Another critical event of 1897 was Sherrington’s introduction of the term and concept of synapse in Michael Foster’s Textbook of Physiology, “So far as our present knowledge goes we are led to think that the tip of a twig of the [axon’s] arborescence is not continuous with but merely in contact with the substance of th dendrite or cell body on which it impinges. Such a connection of one nerve-cell with another might be called a synapsis”.
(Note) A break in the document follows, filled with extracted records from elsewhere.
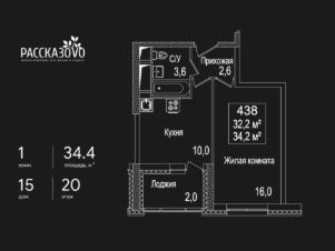 Продается 1-комнатная квартира в ЖК Рассказово на 20 этаже. Общая площадь квартиры составляет 34,4 кв.м. Квартира без отделки.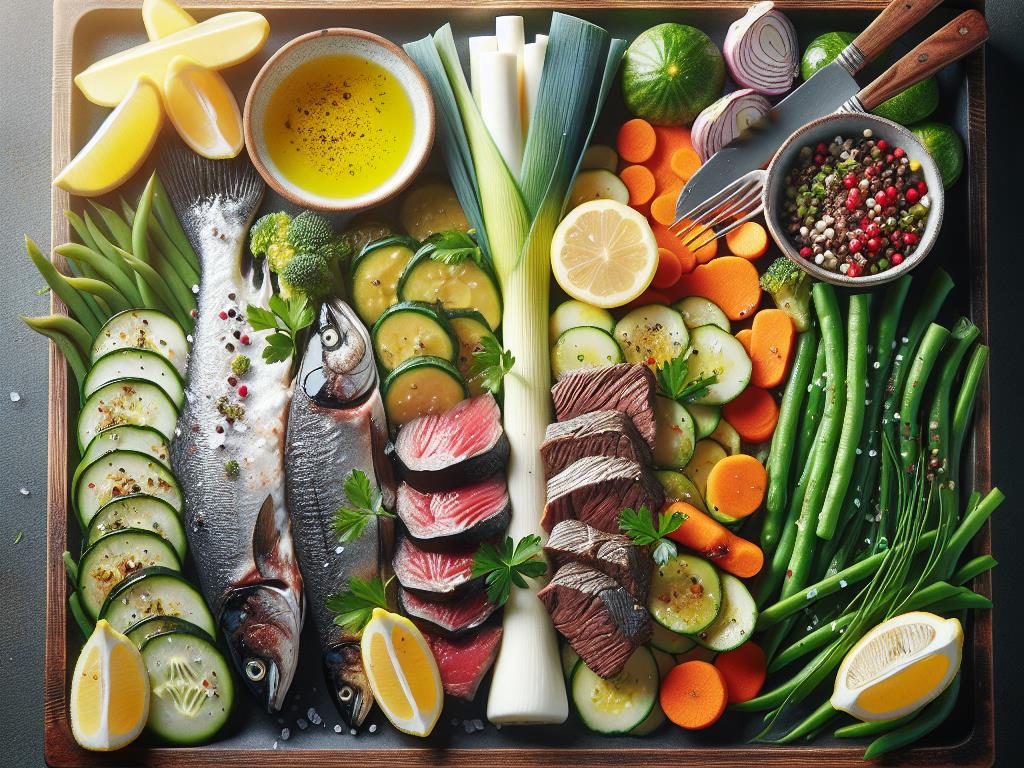 Ce plat est une merveilleuse combinaison de protéines maigres et de légumes, offrant un équilibre parfait entre saveurs et nutriments. Le mélange de dorade et de truite apporte des acides gras oméga-3 bénéfiques pour le cœur, tandis que le bœuf fournit du fer et des protéines. Les poireaux et autres légumes ajoutent des fibres et des vitamines essentielles, rendant ce repas non seulement délicieux mais aussi nutritif.
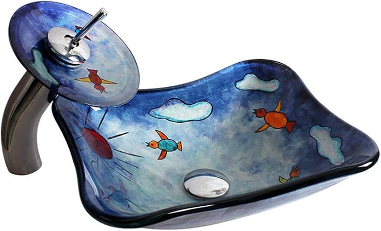 Homelava Lavabo Vasque En Verre Trempe Bleu Avec Robinet Cascade A Poser La Salle De Bain Garantie De 2ans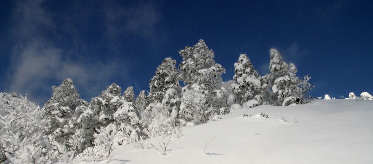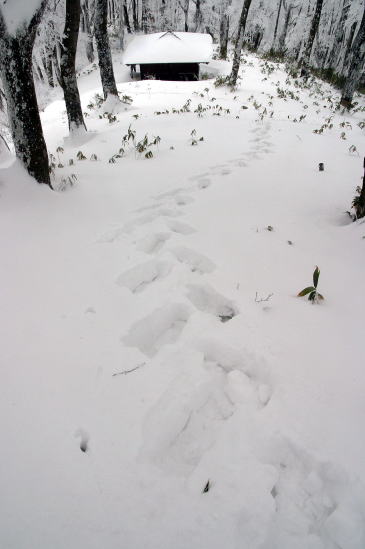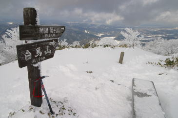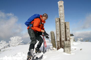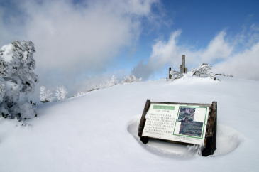 非難小屋から山頂までは目と鼻の先だ。 ところが一段と深い積雪と雪の重みで垂れた樹木が行く手を阻み なかなか前に進めない。 悪戦苦闘しながら登り続けて視界が開けた瞬間、 何物にもかえがたい達成感がわいてきた。 山頂付近は強風のためか思ったほどの積雪ではなかった。 残念ながら大山は雲に隠れてその姿を見ることはできなかったが 素晴らしい景色に感激した。 当初は白馬山まで縦走しようと思っていたが、 もうそんな体力は残っていなかった。 しかしもう十分に満たされていた。 |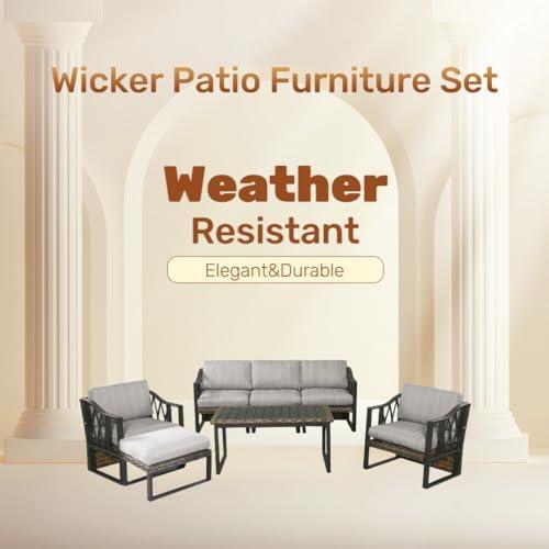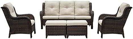 This 5-piece wicker patio seating arrangement is designed for comfort and versatility, featuring a spacious 3-seat couch, two armchairs, and two ottoman footrests. The hand-woven, all-weather rattan and sturdy steel frame can support up to 350 lbs, making it a reliable choice for outdoor gatherings or cozy evenings on your porch. The cushions are made of breathable, anti-UV polyester fabric, ensuring they withstand the elements while providing a soft, supportive seat.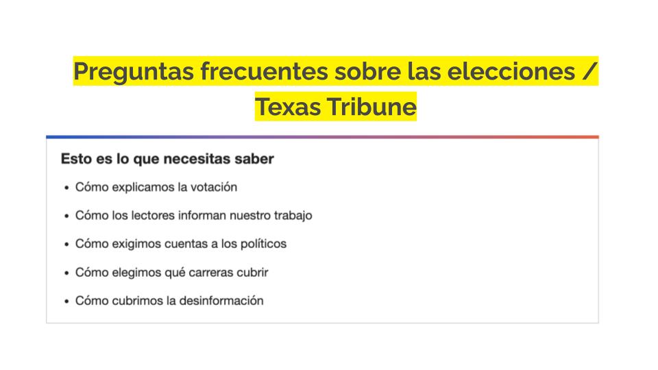 He aquí ejemplos de cómo las redacciones han generado confianza con su cobertura electoral. Para ver más ejemplos de redacciones, consulta nuestra base de datos de ejemplos de redacciones.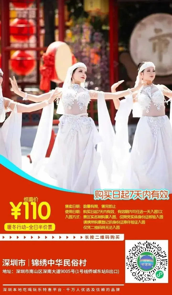 『暖冬行动-全日半价票』惊喜上线!20:15前可订当天!仅110元抢锦绣中华民俗村门票,一天带你畅游祖国的大好河山、感受各地丰富的习俗文化、尽情体验民族风情!

Sherrington’s statement reflects the impact upon ideas of the structural and functional interrelations of the nervous system created by the neuron theory, introduced in 1889 by Ramón y Cajal. Prior to Ramón y Cajal’s researches the dominat neurohistological view was the reticular theory, which held that nerve impulses are transmitted throughout the body over a continuous network or reticulum of anastomosing nerve processes. RamÓn y Cajal’s preparations showed that definitely limited conduction paths exist in the gray matter and that nerve impulses are somehow transmitted by contact or contiguity, not by continuity. The significance of Sherrington’s choice of the neuron theory and his coining of synapse has been well stated by Ragnar Granit: “When Sherrington decided in favor of nerve-cell contacts he refashioned thinking in this field along lines that determined its future course for all time and also tied it to the newly born science of electrophysiology.. . .Only a contact theory could bridge the gap between reflex transmission and electrophysiology; such is the power of a fundamental concept like the synapse.”2

Between 1897 and 1900 Sherrington formulated a comprehensive picture of the motor functions of the spinal cord. His conception of these functions, of the rules that govern them, their mechanisms of control, and their role in the unitary functioningof the nervous system, were set forth in his Croonian and Marshall Hall lectures and in E. A. Schäfer’s Text Book of Physiology. By 1900 Sherrington had assembled the major ingredients of the integrative action concept. From a study of the seemingly simple anatomy and physiology of the knee jerk he had become engaged in a series of broader problems, such as the nature and mechanisms of antagonistic muscle action, the production and maintenance of decerebrate rigidity, and the nature and significance of spinal shock. From these and other researche he developed a number of basic functional principles; reciprocal innervation; interaction between higher and lower level centers of motor control; and muscular sense, inhibition, and facilitation as the three key mechanisms of muscle management at the spinal level. Recognizing the import of the neuron theory, he had perceived that many of the characteristic properties of reflex pathways might be explicable by the events at the synapse.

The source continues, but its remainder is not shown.